Set non_streaming_mode=False to enable streaming behavior:
import torch
import soundfile as sf
from qwen_tts import Qwen3TTSModel

model = Qwen3TTSModel.from_pretrained(
    "Qwen/Qwen3-TTS-12Hz-1.7B-CustomVoice",
    device_map="cuda:0",
    dtype=torch.bfloat16,
    attn_implementation="flash_attention_2",
)

# Streaming generation
wavs, sr = model.generate_custom_voice(
    text="Hello, this is a streaming generation test.",
    language="English",
    speaker="Ryan",
    non_streaming_mode=False,  # Enable streaming
)

sf.write("output.wav", wavs[0], sr)
Currently, non_streaming_mode=False simulates streaming behavior but processes the complete text input.
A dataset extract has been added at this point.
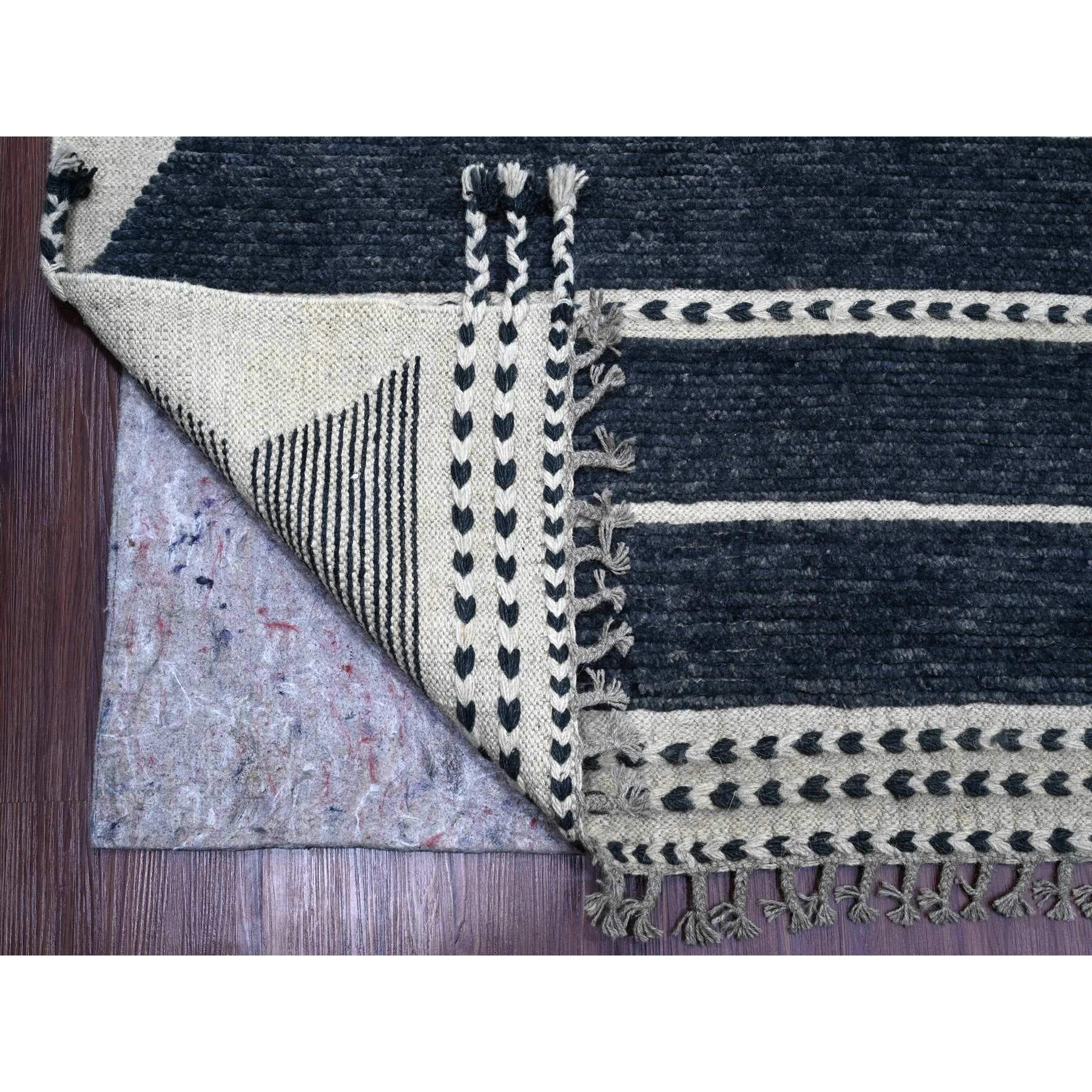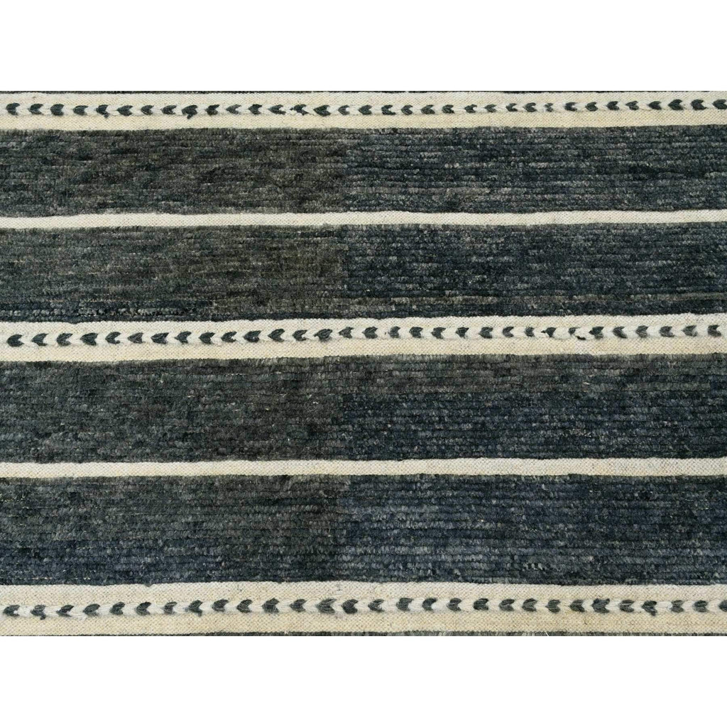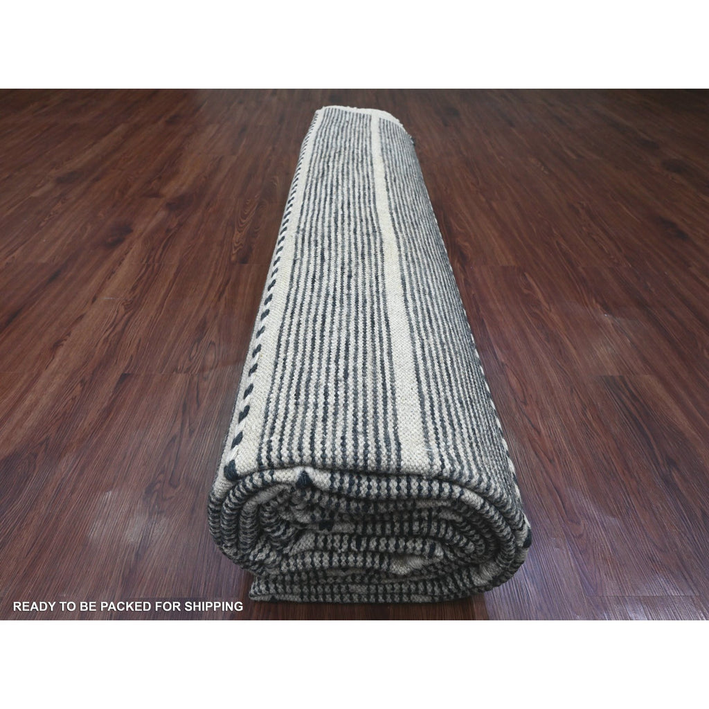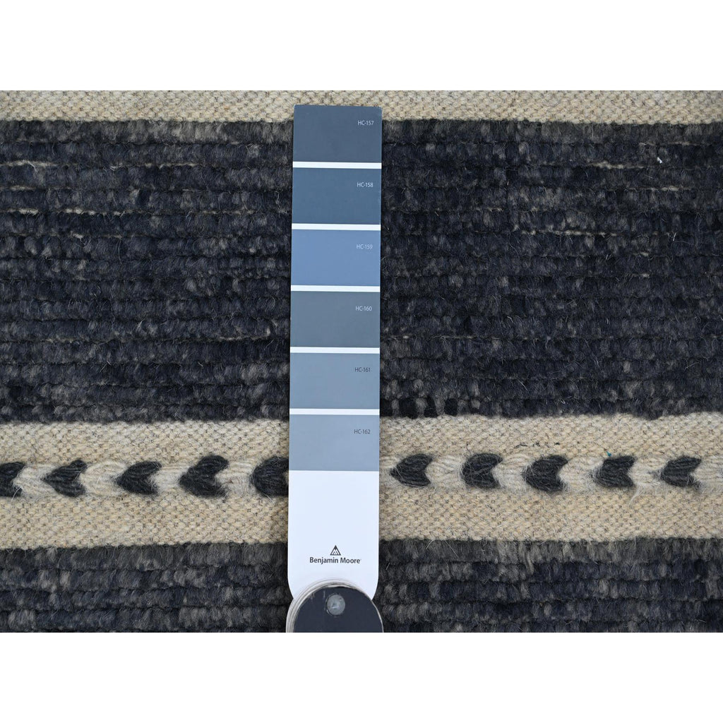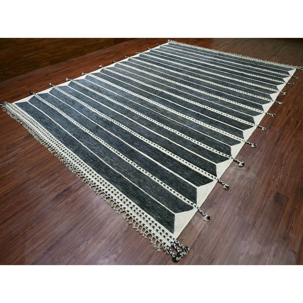 10'4"x14'2" Charcoal Black, Moroccan Weave With Line Design, Soft Wool, Tone On Tone, Hand Knotted, Textured Pile, Oriental Rug FWR123138

True character-by-character streaming input will be supported in a future update.

Streaming with Different Models

CustomVoice Streaming

import torch
from qwen_tts import Qwen3TTSModel

model = Qwen3TTSModel.from_pretrained(
    "Qwen/Qwen3-TTS-12Hz-1.7B-CustomVoice",
    device_map="cuda:0",
    dtype=torch.bfloat16,
    attn_implementation="flash_attention_2",
)

# Low-latency streaming
wavs, sr = model.generate_custom_voice(
    text="Welcome to our customer service. How may I help you today?",
    language="English",
    speaker="Ryan",
    non_streaming_mode=False,
)

VoiceDesign Streaming

import torch
from qwen_tts import Qwen3TTSModel

model = Qwen3TTSModel.from_pretrained(
    "Qwen/Qwen3-TTS-12Hz-1.7B-VoiceDesign",
    device_map="cuda:0",
    dtype=torch.bfloat16,
    attn_implementation="flash_attention_2",
)

wavs, sr = model.generate_voice_design(
    text="This is a real-time voice generation test.",
    language="English",
    instruct="Male, professional news anchor, clear and authoritative",
    non_streaming_mode=False,
)

Base Model Streaming

import torch
from qwen_tts import Qwen3TTSModel

model = Qwen3TTSModel.from_pretrained(
    "Qwen/Qwen3-TTS-12Hz-1.7B-Base",
    device_map="cuda:0",
    dtype=torch.bfloat16,
    attn_implementation="flash_attention_2",
)

ref_audio = "https://qianwen-res.oss-cn-beijing.aliyuncs.com/Qwen3-TTS-Repo/clone.wav"
ref_text = "Okay. Yeah. I resent you. I love you. I respect you. But you know what? You blew it! And thanks to you."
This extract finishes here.